Section 4 contains a description of an information system set up as a part of the MultiTorg project at Norwegian Telecom Research (NTR). We describe some of the options when setting up a distributed information system in a heterogeneous environment, and the resulting system.

Finally, the paper ends with some concluding remarks about the future for MultiTorg and information systems in general.

2 Information models; structure and distribution

When writing a book, the author structures the text in logical parts, e.g. chapters; when making a movie, the director structures the film into scenes. In order to represent these human created structures in a digital computer, the computer needs data structures. These data structures are described using abstract grammars, and represented using specific formats, either for computer storage or as transmission formats.

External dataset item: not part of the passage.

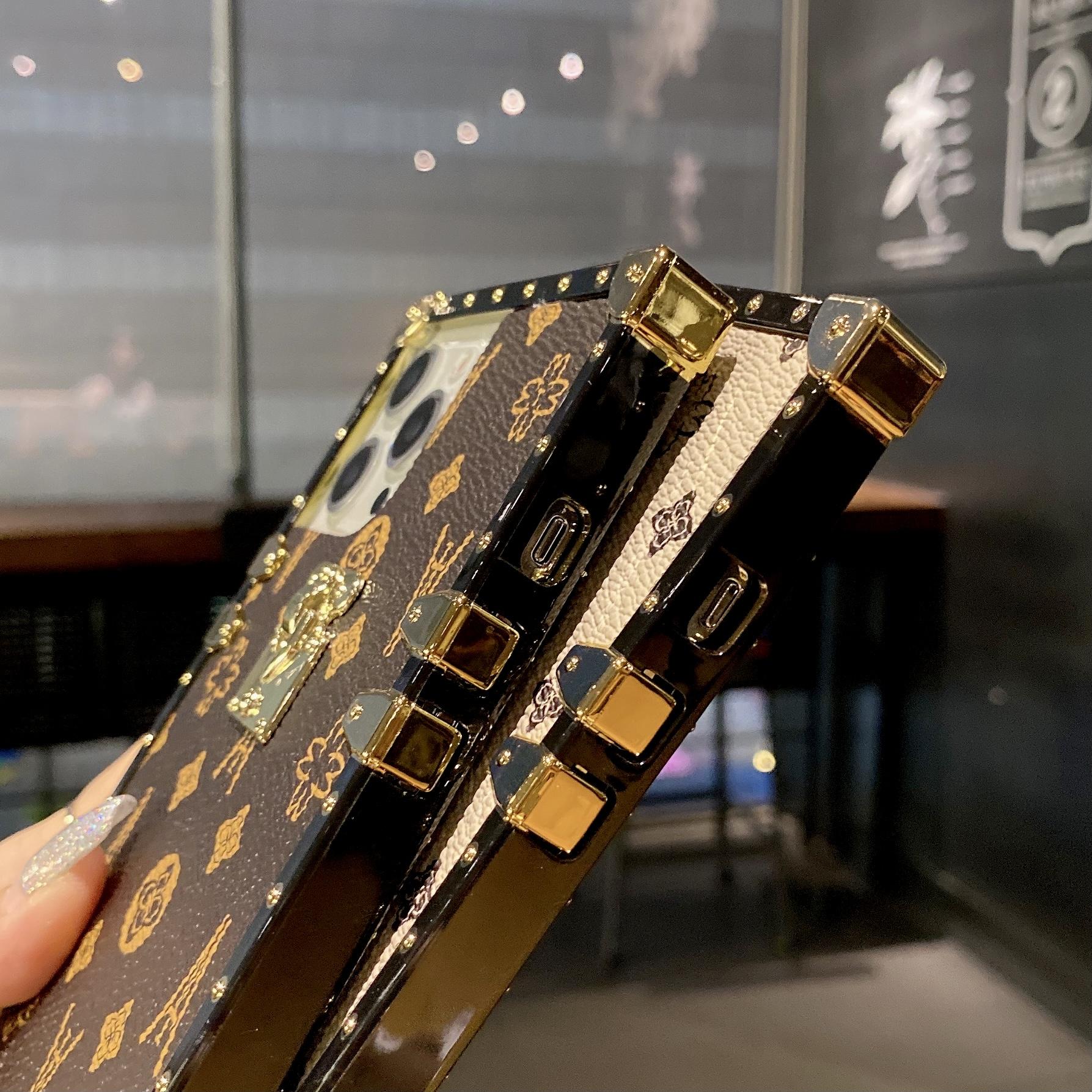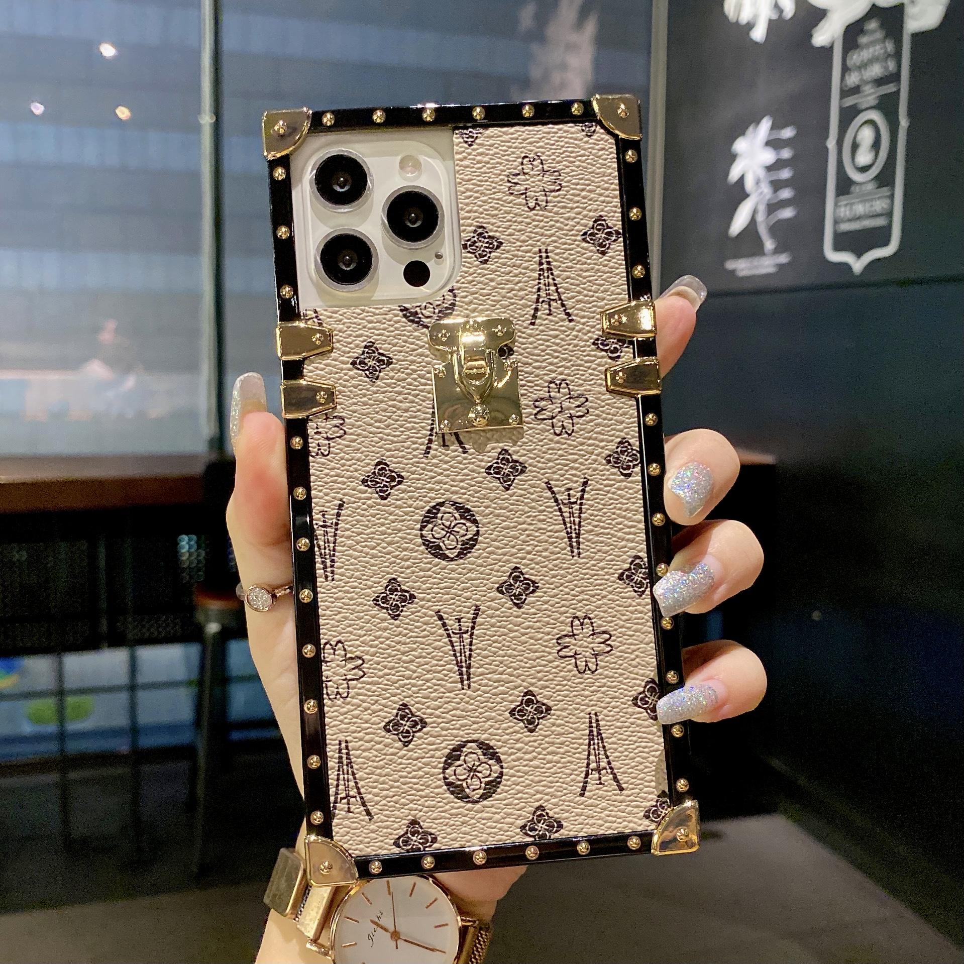 Luxury Classic Leather Lock Anti Drop Heavy Duty Protection Phone Case For Samsung S25 S24 S23 S22 S21 Note20 A15 A25 A35 A55 Fashion Square Case Back Cover For iPhone 16 15 14 13 12 11 X XR

2.1 Information structures and formats

Every system contains both structure and process. The process changes the structure and the structure represents the state of the system. In a computer application the structure is represented internally as a data structure and externally as a data format. In order to exchange information, the internal data structure has to be written into the external format.

A document is a piece of information that can be processed as one unit. Examples of documents are business reports, invoices, movies and newspapers. A document might be described using several structures, but we can distinguish between two main types; structures regarding the whole document, and structures regarding a particular content type, e.g. graphics, text, or audio. The types are denoted document structures - and content structures.

Different document structures denote different views of the document. Reading an office document, the user may see the 'logical' structure defining the chapters, sections and paragraphs, or the 'layout' structure defining pages, columns and blocks.

Formatting is the process of transforming the logical structure into a layout structure. Presentation is the process of transforming the layout structure to an image structure, e.g. a bitmap image on a screen or printer. See figure 1.

In order to communicate, the internal document structure needs an external representation, called a document format. To describe this format it is necessary to use both an abstract syntax of the format, e.g. defined using BNF, and the coded representation of this syntax.

Figure 2 shows a sample document structure description (a), and the coded representation (b) described, using an ad hoc BNF. (c) contains a sample document using the grammar, and coding of a and b.

Many applications operate with several structures simultaneously. FrameMaker, a desktop publishing system, uses a logical structure including paragraphs, pictures, tables, and maths. Also, FrameMaker uses style-sheets to indicate the formatting of each paragraph. Layout processing produces a layout structure from the logical structure and the style-sheets, which is imaged onto the physical screen or printer, which is the final structure.

The TeX system is another example; the user creates the document using the abstract TeX grammar and a conventional text editor, e.g. emacs. The document is then formatted by the TeX formatter creating a layout format (DVI), which can be presented as a bitmap on the screen or on a printer (see figure 3).

The content of a document might be of several types; text, bitmap, video, etc. Each content type has its own structure and format. For example text has a format containing character codes and sets, fonts and other characteristics associated with text.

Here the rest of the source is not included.